- TASK DIRECTIONS
What is needed is an exact copy of all the lines below.

- EXERCISE INPUTS
= Beginning of Section =

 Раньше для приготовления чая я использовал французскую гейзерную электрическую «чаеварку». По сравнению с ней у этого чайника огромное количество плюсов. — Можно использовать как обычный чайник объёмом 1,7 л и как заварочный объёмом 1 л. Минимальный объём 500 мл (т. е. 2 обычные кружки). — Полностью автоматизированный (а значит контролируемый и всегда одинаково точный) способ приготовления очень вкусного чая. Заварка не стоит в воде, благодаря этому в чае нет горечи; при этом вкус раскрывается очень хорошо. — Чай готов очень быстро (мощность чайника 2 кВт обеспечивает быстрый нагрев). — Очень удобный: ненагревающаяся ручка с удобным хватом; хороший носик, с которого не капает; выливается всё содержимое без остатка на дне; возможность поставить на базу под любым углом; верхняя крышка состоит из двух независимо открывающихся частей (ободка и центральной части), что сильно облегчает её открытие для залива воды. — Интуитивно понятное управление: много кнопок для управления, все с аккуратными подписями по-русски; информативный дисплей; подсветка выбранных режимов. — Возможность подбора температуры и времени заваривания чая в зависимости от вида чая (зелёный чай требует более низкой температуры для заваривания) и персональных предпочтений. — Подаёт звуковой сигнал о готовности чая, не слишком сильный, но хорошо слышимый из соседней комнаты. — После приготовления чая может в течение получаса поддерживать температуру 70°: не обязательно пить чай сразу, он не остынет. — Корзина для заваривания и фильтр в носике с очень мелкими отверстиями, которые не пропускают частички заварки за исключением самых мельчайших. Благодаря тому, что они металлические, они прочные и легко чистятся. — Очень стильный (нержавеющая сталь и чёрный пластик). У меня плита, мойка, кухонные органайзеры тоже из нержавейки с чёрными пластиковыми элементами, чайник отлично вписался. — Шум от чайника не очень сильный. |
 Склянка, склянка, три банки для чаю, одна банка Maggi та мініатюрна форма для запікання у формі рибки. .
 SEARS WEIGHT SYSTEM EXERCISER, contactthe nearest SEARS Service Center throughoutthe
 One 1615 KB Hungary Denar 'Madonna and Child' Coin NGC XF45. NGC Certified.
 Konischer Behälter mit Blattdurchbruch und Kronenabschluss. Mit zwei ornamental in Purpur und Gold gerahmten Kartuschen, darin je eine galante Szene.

= End of Section =

- RESPONSE FOR THIS EXERCISE
 Раньше для приготовления чая я использовал французскую гейзерную электрическую «чаеварку». По сравнению с ней у этого чайника огромное количество плюсов. — Можно использовать как обычный чайник объёмом 1,7 л и как заварочный объёмом 1 л. Минимальный объём 500 мл (т. е. 2 обычные кружки). — Полностью автоматизированный (а значит контролируемый и всегда одинаково точный) способ приготовления очень вкусного чая. Заварка не стоит в воде, благодаря этому в чае нет горечи; при этом вкус раскрывается очень хорошо. — Чай готов очень быстро (мощность чайника 2 кВт обеспечивает быстрый нагрев). — Очень удобный: ненагревающаяся ручка с удобным хватом; хороший носик, с которого не капает; выливается всё содержимое без остатка на дне; возможность поставить на базу под любым углом; верхняя крышка состоит из двух независимо открывающихся частей (ободка и центральной части), что сильно облегчает её открытие для залива воды. — Интуитивно понятное управление: много кнопок для управления, все с аккуратными подписями по-русски; информативный дисплей; подсветка выбранных режимов. — Возможность подбора температуры и времени заваривания чая в зависимости от вида чая (зелёный чай требует более низкой температуры для заваривания) и персональных предпочтений. — Подаёт звуковой сигнал о готовности чая, не слишком сильный, но хорошо слышимый из соседней комнаты. — После приготовления чая может в течение получаса поддерживать температуру 70°: не обязательно пить чай сразу, он не остынет. — Корзина для заваривания и фильтр в носике с очень мелкими отверстиями, которые не пропускают частички заварки за исключением самых мельчайших. Благодаря тому, что они металлические, они прочные и легко чистятся. — Очень стильный (нержавеющая сталь и чёрный пластик). У меня плита, мойка, кухонные органайзеры тоже из нержавейки с чёрными пластиковыми элементами, чайник отлично вписался. — Шум от чайника не очень сильный. |
 Склянка, склянка, три банки для чаю, одна банка Maggi та мініатюрна форма для запікання у формі рибки. .
 SEARS WEIGHT SYSTEM EXERCISER, contactthe nearest SEARS Service Center throughoutthe
 One 1615 KB Hungary Denar 'Madonna and Child' Coin NGC XF45. NGC Certified.
 Konischer Behälter mit Blattdurchbruch und Kronenabschluss. Mit zwei ornamental in Purpur und Gold gerahmten Kartuschen, darin je eine galante Szene.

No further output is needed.